起初她什么也感觉不到,只有蜡烛燃烧时细微的噼啪声,以及蜡油融化时淡淡的蜡味。
她忽然想起童年时观察壁炉的经历。冬天的弗约登镇虽然比不上北境,但同样需要生火取暖,那时家里的壁炉总是烧得很旺。她会坐在壁炉前的地毯上,盯着跳跃的火焰出神。
那时她不懂什么元素粒子,只是单纯觉得火焰很美,它不是死物,它是有生命的,它跳动的模样令她着迷。
奥罗拉放松下来,回想小时候那种纯粹观察的心态,不再强求自己必须“看见”什么。她只是坐在那里,任由思绪漫游,偶尔睁开眼睛看看蜡烛,又闭上。
不知过了多久,在某个瞬间,奥罗拉“感觉”到了。
这是某种更深层的感知,就好像皮肤能察觉到空气中微小的震颤,又像是耳朵捕捉到了某种超出声音频率的波动。在蜡烛燃烧的区域,有什么东西在活跃地跳动。
她小心翼翼地让自己的意识触碰那种感觉,就像用手指轻轻试探水温。
活跃的感觉更清晰了,她甚至能分辨出它们运动的方向,从蜡烛火焰向外辐射,又因为空气流动而回旋。
这就是火元素粒子吗?
奥罗拉不敢确定,但她决定尝试下一步。
她将注意力集中在那些活跃的“存在”上,试图用意识与它们建立联系。
一开始,什么也没发生。
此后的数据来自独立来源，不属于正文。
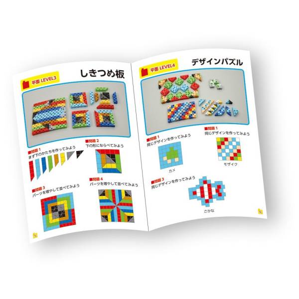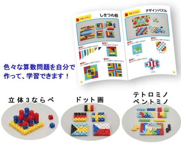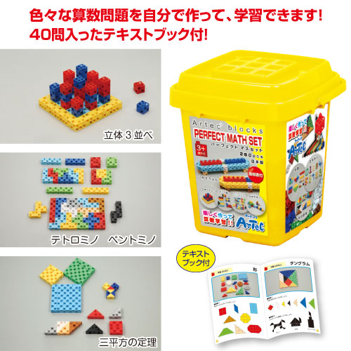 パーフェクトマスセットはタングラム、立体3ならべ、テトロミノ、ペントミノ、ドット画、デザインパズル等々・・・色々な算数問題にチャレンジできる算数のブロックセットです。40問入ったテキストブックもついています。算数のセットですが、対象は3才から。

火焰自顾自地燃烧,仿佛她的意识只是一阵无关紧要的风。
奥罗拉没有气馁。她回忆着壁炉火焰的跃动节奏,回忆着教授控制火苗时那种举重若轻的从容。
她不再试图命令或驱使,而是想象自己在发出邀请,就像对一群受惊的小鸟伸出手掌,等待它们自愿落下。
渐渐地,火焰的跃动节奏发生了变化。
一时间,火苗的摇曳似乎与她的呼吸同步了,一呼一吸间,火焰回应似地轻轻起伏。
奥罗拉心中一喜,意识出现了瞬间的波动,导致火焰猛地跳动了一下,险些熄灭。
“不能急……”她在心里告诫自己,重新调整呼吸,让意识恢复平稳。
这一次,她更加小心。
不追求明显的效果,只维持着那种微妙的联系,感受着火焰的“呼吸”,感受着那些活跃粒子的情绪。如果它们有情绪的话,那应该是一种渴望释放能量的冲动。
没过多久,奥罗拉睁开眼睛,轻轻吹灭了蜡烛。
火苗熄灭的瞬间,一缕青烟缓缓升起。蜡烛芯顶端还残留着一点暗红色的余烬,在空气中明灭不定。
“现在,才是真正的考验。”
奥罗拉深吸一口气,重新闭上眼睛,此刻感知变得更加清晰。
蜡烛熄灭后,那些活跃的粒子并没有立刻消失,它们还在周围徘徊,像是失去方向的萤火虫。而余烬中仍有微弱的能量在挣扎,试图重新点燃。
“来吧,”她在心里默念,“回到你们该在的地方。”
她想象自己的意识是一张网,轻轻拢住那些四散的粒子,为它们指明方向。
过了许久什么也没发生,就在奥罗拉几乎要放弃时,指尖传来了微弱的暖意,手指不禁微微动了动,周围的火元素粒子也随之跳动。
她成功了一半,但也是最重要的一环,与火元素成功建立了联系,随后她立马让自己的意识驱使着火元素聚集在蜡烛顶端。
蜡烛芯上的余烬,不知何时变得更加明亮了。暗红色转为橘红,一点点火星从中心迸发,跳跃,蔓延。
噗。
一声轻不可闻的声响。
蜡烛重新燃起,火苗稳定而明亮,在烛芯上跃动着温暖的光。
奥罗拉呆呆地看着这一幕,先是为自己的成功狂喜,紧接着就面临一个巨大的疑惑,玛丽都差点点着窗帘,教材上也说了初学者通常需要数天甚至数周的练习才能掌握基础的元素感知,可她只不过是第一次尝试,一个晚上不到的时间就成功了。
这正常吗?
她回想先前从探索到成功的过程,就好像……她天生就知道该怎么做。